N. Achyut csit,Notes Why concurrency Control needed?

Why concurrency Control needed?

If transactions are executed serially, i.e., sequentially with no overlap in time, no transaction concurrency exists. However, if concurrent transactions with interleaving operations are allowed in an uncontrolled manner, some unexpected, undesirable result may occur. Here are some typical
examples:


The Lost Update Problem:

This problem occurs when two transactions that access the same database items have their operations interleaved in such a way that value of the data item written by one transaction is overlapped by another transaction and hence results to the incorrect value of the database item. Consider the example given below where two
concurrent transactions try to update inventory of product P1 simultaneously.

Example: Assume initial value of data item P1 is 300

The Dirty Read (Temporary Update) Problem:

This problem occurs when one transaction updates a database item and then the transaction fails for some reason. The updated item is accessed by another transaction before it is changed back to its original value which causes transaction T2 to have dirty value of the data item. Again consider the example where two concurrent transactions try to update
inventory of product P1 simultaneously. This example is same as above example except that its operations are interleaved in slightly different way and first transaction is failed.

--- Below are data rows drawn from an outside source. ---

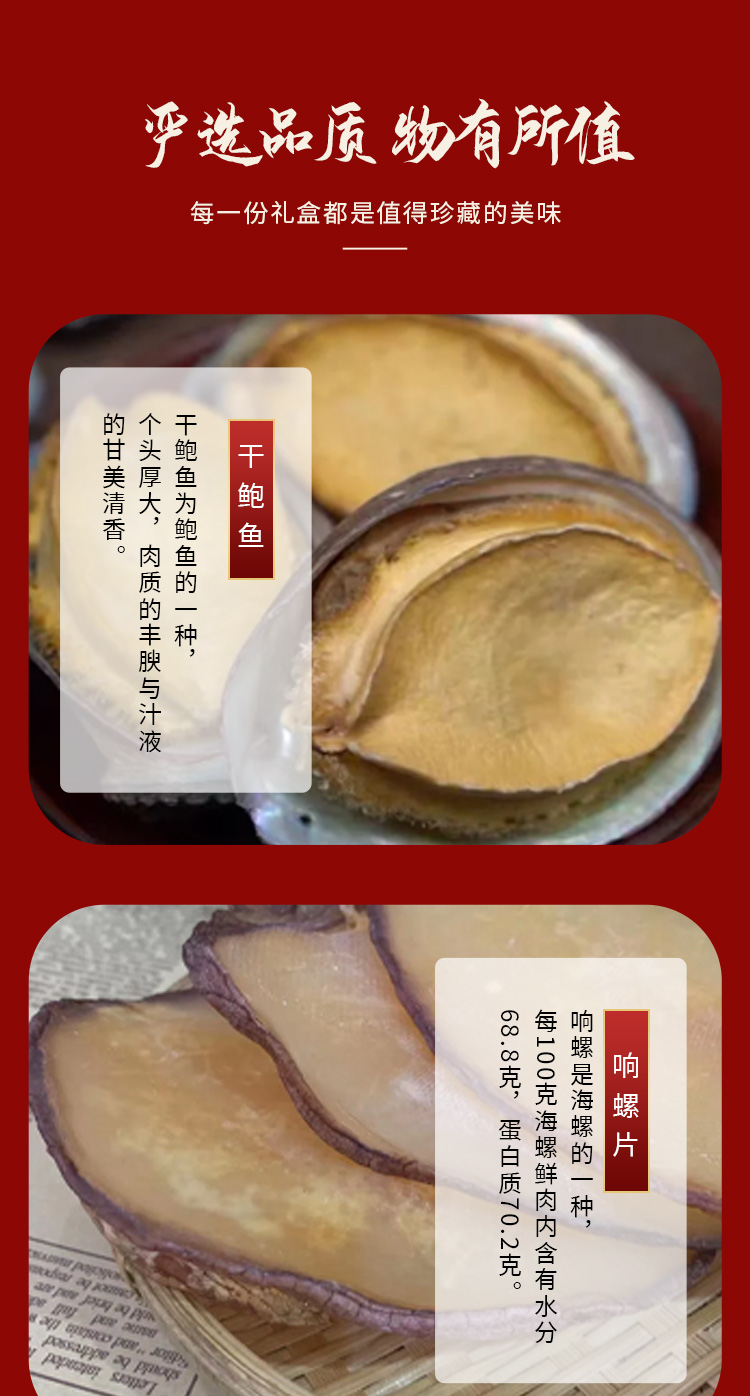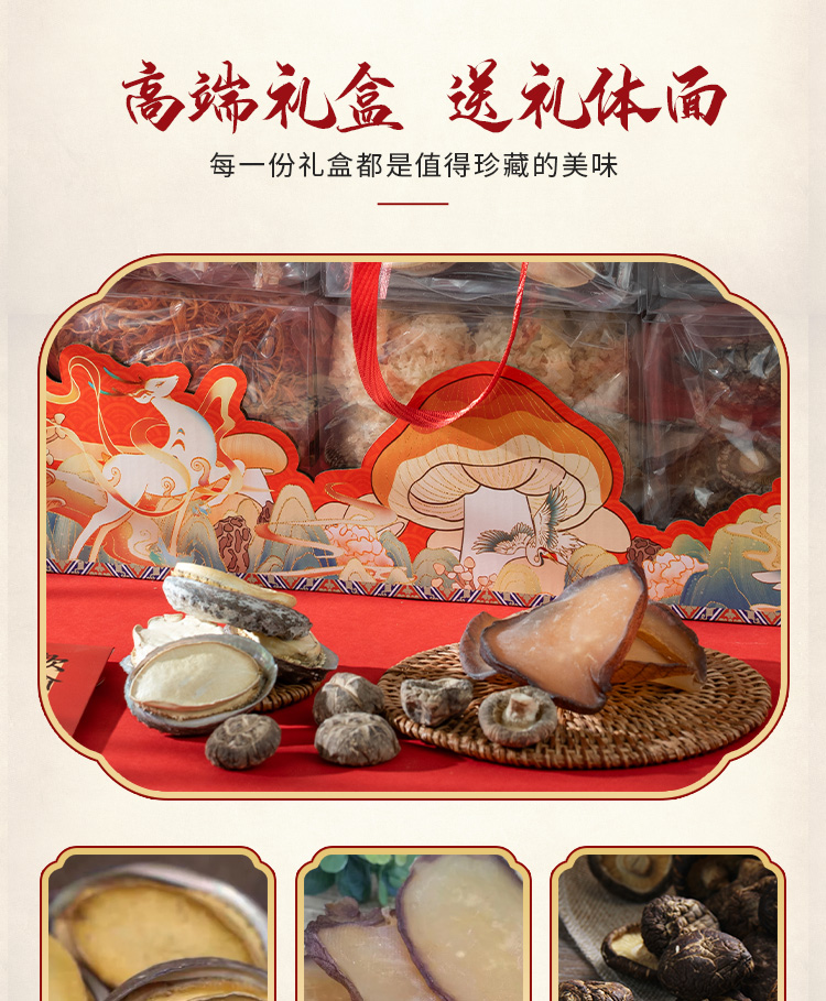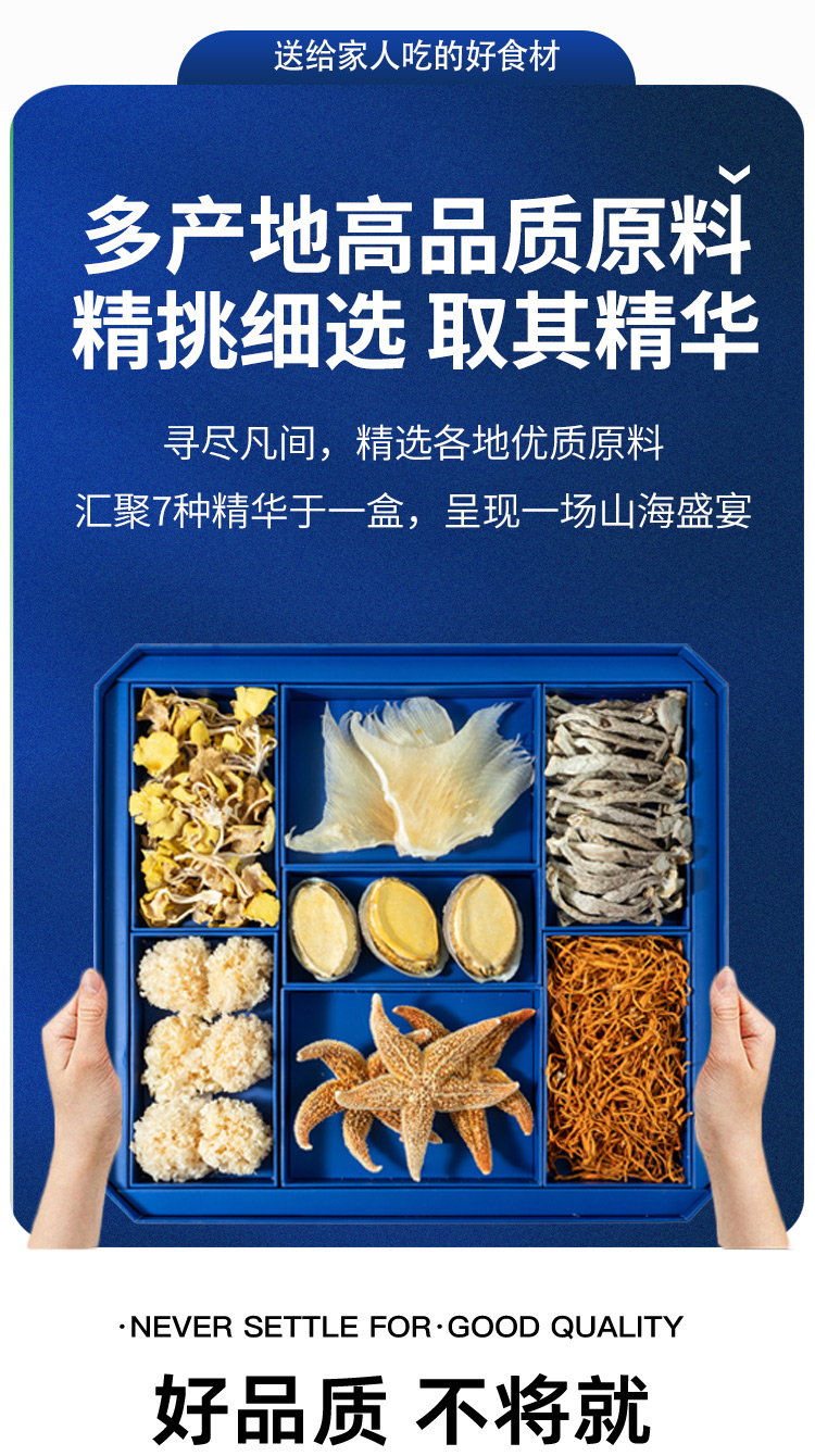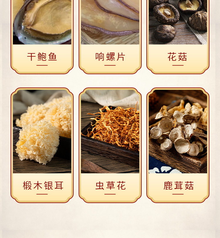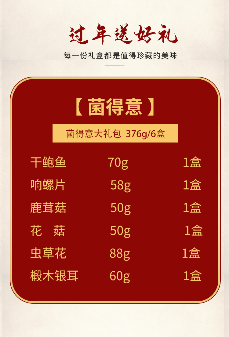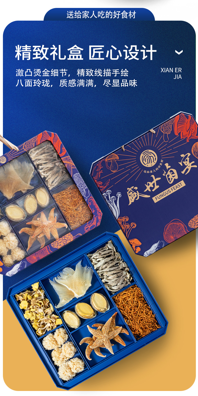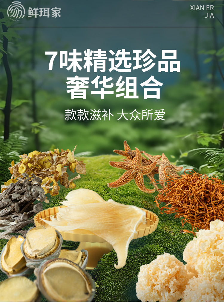 | 【品名】鲜珥家盛世菌宴/山珍海味礼盒 【规格】 盛世菌宴礼盒:冻干鲍鱼75g、鱼翅77g、虫草花50g、鹿茸菇50g、鸡油菌23g、海星55g、椴木银耳54g 【保质期】12个月 【储存方法】请置于常温阴凉、通风干燥处 【产地】福建宁德 【发货地】福建宁德 【发货快递】申通、圆通、邮政、韵达 【不发货区域】新疆、西藏、港澳台地区不发 【补邮费地区】青海+10元/件,内蒙、甘肃、宁夏+5元/件,北京+2元/件 【发货时效】48小时,周末节假日顺延 |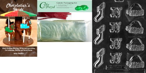 Cybrtrayd Joy Assortment Chocolate Mold with Chocolatier's Bundle of 25 Cello Bags, 25 Red Twist Ties and Chocolatier's Guide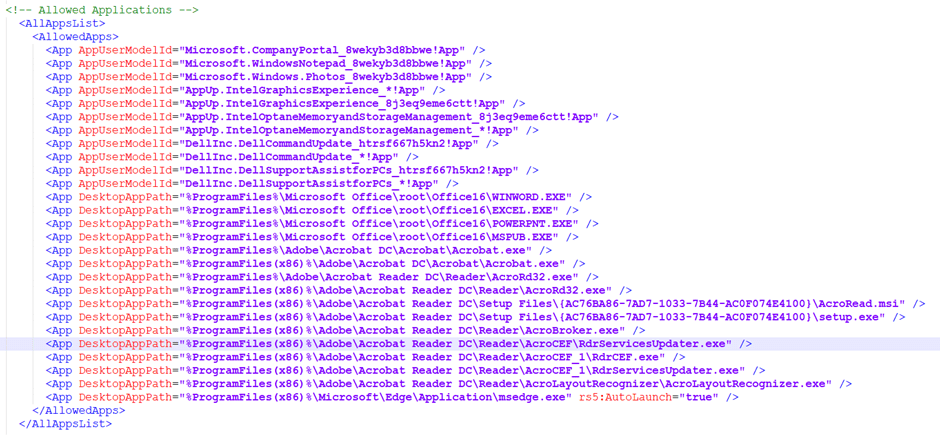 Permitted applications need to be set up in the AllAppList section. These allowed apps will function as an App Control, meaning all other applications will be denied access. This measure will help enhance security.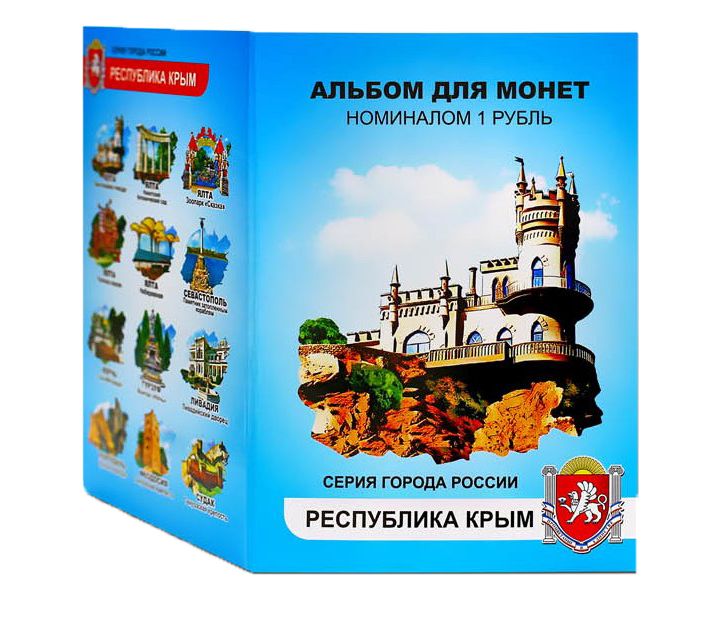 Прекрасный подарок для нумизмата! Цветные монеты с достопримечательностями Крыма в ярком альбоме. Альбом входит в серию «Города России».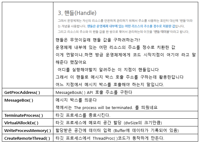 방금 핸들로 알아낸 주소에 이렇게 코드 인젝션해서 스레드에 은근슬쩍 끼워들어가기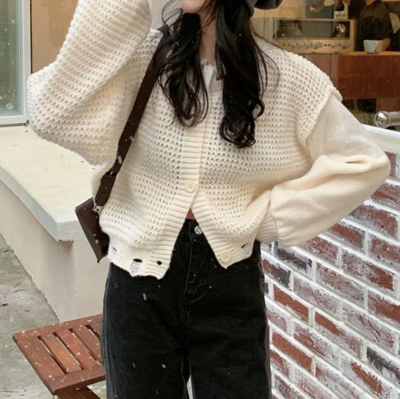 透かし編みデザインがおしゃれな印象を演出し、秋冬コーディネートにぴったり。

Example: Assume initial value of data item P1 is 300

Log based protocol for concurrency control

One way to ensure serializability is to access the data items in mutually exclusive manner. This means while one transaction is accessing data item, no other transaction should be allowed to access the data item. Lock variables are most commonly used approach for achieving mutual exclusion. Locks are of two kinds: Binary Locks and Shared/Exclusive Locks.

Binary lock

Binary lock is a variable that can be only in two states. It is either locked or unlocked. Normally, locked state is represented by value 1 and unlocked state is represented by value 0. A distinct lock is associated with each database item x. If the value of the lock on data item x is 1, item x cannot
be accessed by a database operation that requests the item. If the value of the lock on x is 0, the item can be accessed when requested. Two operations, lock and unlock, are used with binary locking and these two operations must be implemented atomically. If the simple binary locking scheme described above is used, every transaction must obey the following rules:

  1. A transaction T must issue the operation lock(x) before performing any read(x) or
    write(x) operations.
  2. A transaction T must issue the operation unlock(x) after finishing all read(x) and write(x)
    operations.
  3. A transaction T will not issue a lock(x) operation if the data item x is already locked by
    it.
  4. A transaction T will not issue an unlock(x) operation if the data item x is not locked by it

Shared/Exclusive Lock

This type of lock is also called multiple mode lock. It is a variable that can be in any of three states:

unlocked, read-locked (shared lock) and write-locked (exclusive lock).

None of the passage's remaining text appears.